◆ **Excerpted records**
※ ※ ※

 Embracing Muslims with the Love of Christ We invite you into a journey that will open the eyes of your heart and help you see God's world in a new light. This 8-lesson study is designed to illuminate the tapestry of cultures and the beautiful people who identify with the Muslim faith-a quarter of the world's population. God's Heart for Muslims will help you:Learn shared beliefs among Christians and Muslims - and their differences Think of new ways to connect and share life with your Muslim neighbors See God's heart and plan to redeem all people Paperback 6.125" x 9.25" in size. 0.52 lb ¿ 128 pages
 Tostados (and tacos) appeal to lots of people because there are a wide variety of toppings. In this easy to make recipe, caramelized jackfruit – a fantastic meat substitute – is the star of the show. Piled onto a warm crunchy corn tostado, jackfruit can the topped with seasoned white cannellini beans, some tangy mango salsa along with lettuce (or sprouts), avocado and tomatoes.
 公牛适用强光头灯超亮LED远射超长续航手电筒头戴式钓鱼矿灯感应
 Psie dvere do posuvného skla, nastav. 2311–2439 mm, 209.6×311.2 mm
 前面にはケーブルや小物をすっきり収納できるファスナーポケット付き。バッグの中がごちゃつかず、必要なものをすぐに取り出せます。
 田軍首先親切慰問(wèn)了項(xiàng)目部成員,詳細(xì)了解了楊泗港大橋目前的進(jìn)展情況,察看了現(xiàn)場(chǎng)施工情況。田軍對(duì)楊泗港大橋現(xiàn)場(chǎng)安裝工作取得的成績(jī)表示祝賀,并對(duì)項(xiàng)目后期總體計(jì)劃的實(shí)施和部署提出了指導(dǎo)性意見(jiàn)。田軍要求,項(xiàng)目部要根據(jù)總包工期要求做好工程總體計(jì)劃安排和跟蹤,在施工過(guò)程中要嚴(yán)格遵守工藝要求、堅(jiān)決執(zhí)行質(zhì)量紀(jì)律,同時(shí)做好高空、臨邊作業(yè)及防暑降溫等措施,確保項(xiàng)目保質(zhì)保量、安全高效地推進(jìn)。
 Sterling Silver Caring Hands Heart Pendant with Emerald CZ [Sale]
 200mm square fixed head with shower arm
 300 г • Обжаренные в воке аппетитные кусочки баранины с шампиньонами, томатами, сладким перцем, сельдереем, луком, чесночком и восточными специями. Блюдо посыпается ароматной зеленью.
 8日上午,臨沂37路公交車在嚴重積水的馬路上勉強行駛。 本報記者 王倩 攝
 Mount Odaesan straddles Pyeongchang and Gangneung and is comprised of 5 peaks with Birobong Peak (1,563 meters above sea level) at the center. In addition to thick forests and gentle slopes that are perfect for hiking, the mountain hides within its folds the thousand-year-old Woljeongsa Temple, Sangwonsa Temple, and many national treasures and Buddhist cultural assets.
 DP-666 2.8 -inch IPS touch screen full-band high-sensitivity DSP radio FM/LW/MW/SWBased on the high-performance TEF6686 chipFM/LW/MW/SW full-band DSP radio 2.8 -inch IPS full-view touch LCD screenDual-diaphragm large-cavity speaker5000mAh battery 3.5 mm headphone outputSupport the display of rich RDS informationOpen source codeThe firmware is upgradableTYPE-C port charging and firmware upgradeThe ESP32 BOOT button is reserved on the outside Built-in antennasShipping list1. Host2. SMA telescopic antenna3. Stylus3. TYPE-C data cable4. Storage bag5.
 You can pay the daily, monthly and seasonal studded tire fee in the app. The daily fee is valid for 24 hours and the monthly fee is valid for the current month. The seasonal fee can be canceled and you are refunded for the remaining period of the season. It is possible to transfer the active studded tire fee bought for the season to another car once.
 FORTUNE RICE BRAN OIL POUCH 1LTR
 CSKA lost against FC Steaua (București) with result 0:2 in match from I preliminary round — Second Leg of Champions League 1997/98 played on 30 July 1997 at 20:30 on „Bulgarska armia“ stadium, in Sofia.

※ ※ ※

◆ **Instructions to follow**
Every piece of the data must be set down exactly. Omit nothing.

◆ **Problem solution**
 Embracing Muslims with the Love of Christ We invite you into a journey that will open the eyes of your heart and help you see God's world in a new light. This 8-lesson study is designed to illuminate the tapestry of cultures and the beautiful people who identify with the Muslim faith-a quarter of the world's population. God's Heart for Muslims will help you:Learn shared beliefs among Christians and Muslims - and their differences Think of new ways to connect and share life with your Muslim neighbors See God's heart and plan to redeem all people Paperback 6.125" x 9.25" in size. 0.52 lb ¿ 128 pages
 Tostados (and tacos) appeal to lots of people because there are a wide variety of toppings. In this easy to make recipe, caramelized jackfruit – a fantastic meat substitute – is the star of the show. Piled onto a warm crunchy corn tostado, jackfruit can the topped with seasoned white cannellini beans, some tangy mango salsa along with lettuce (or sprouts), avocado and tomatoes.
 公牛适用强光头灯超亮LED远射超长续航手电筒头戴式钓鱼矿灯感应
 Psie dvere do posuvného skla, nastav. 2311–2439 mm, 209.6×311.2 mm
 前面にはケーブルや小物をすっきり収納できるファスナーポケット付き。バッグの中がごちゃつかず、必要なものをすぐに取り出せます。
 田軍首先親切慰問(wèn)了項(xiàng)目部成員,詳細(xì)了解了楊泗港大橋目前的進(jìn)展情況,察看了現(xiàn)場(chǎng)施工情況。田軍對(duì)楊泗港大橋現(xiàn)場(chǎng)安裝工作取得的成績(jī)表示祝賀,并對(duì)項(xiàng)目后期總體計(jì)劃的實(shí)施和部署提出了指導(dǎo)性意見(jiàn)。田軍要求,項(xiàng)目部要根據(jù)總包工期要求做好工程總體計(jì)劃安排和跟蹤,在施工過(guò)程中要嚴(yán)格遵守工藝要求、堅(jiān)決執(zhí)行質(zhì)量紀(jì)律,同時(shí)做好高空、臨邊作業(yè)及防暑降溫等措施,確保項(xiàng)目保質(zhì)保量、安全高效地推進(jìn)。
 Sterling Silver Caring Hands Heart Pendant with Emerald CZ [Sale]
 200mm square fixed head with shower arm
 300 г • Обжаренные в воке аппетитные кусочки баранины с шампиньонами, томатами, сладким перцем, сельдереем, луком, чесночком и восточными специями. Блюдо посыпается ароматной зеленью.
 8日上午,臨沂37路公交車在嚴重積水的馬路上勉強行駛。 本報記者 王倩 攝
 Mount Odaesan straddles Pyeongchang and Gangneung and is comprised of 5 peaks with Birobong Peak (1,563 meters above sea level) at the center. In addition to thick forests and gentle slopes that are perfect for hiking, the mountain hides within its folds the thousand-year-old Woljeongsa Temple, Sangwonsa Temple, and many national treasures and Buddhist cultural assets.
 DP-666 2.8 -inch IPS touch screen full-band high-sensitivity DSP radio FM/LW/MW/SWBased on the high-performance TEF6686 chipFM/LW/MW/SW full-band DSP radio 2.8 -inch IPS full-view touch LCD screenDual-diaphragm large-cavity speaker5000mAh battery 3.5 mm headphone outputSupport the display of rich RDS informationOpen source codeThe firmware is upgradableTYPE-C port charging and firmware upgradeThe ESP32 BOOT button is reserved on the outside Built-in antennasShipping list1. Host2. SMA telescopic antenna3. Stylus3. TYPE-C data cable4. Storage bag5.
 You can pay the daily, monthly and seasonal studded tire fee in the app. The daily fee is valid for 24 hours and the monthly fee is valid for the current month. The seasonal fee can be canceled and you are refunded for the remaining period of the season. It is possible to transfer the active studded tire fee bought for the season to another car once.
 FORTUNE RICE BRAN OIL POUCH 1LTR
 CSKA lost against FC Steaua (București) with result 0:2 in match from I preliminary round — Second Leg of Champions League 1997/98 played on 30 July 1997 at 20:30 on „Bulgarska armia“ stadium, in Sofia.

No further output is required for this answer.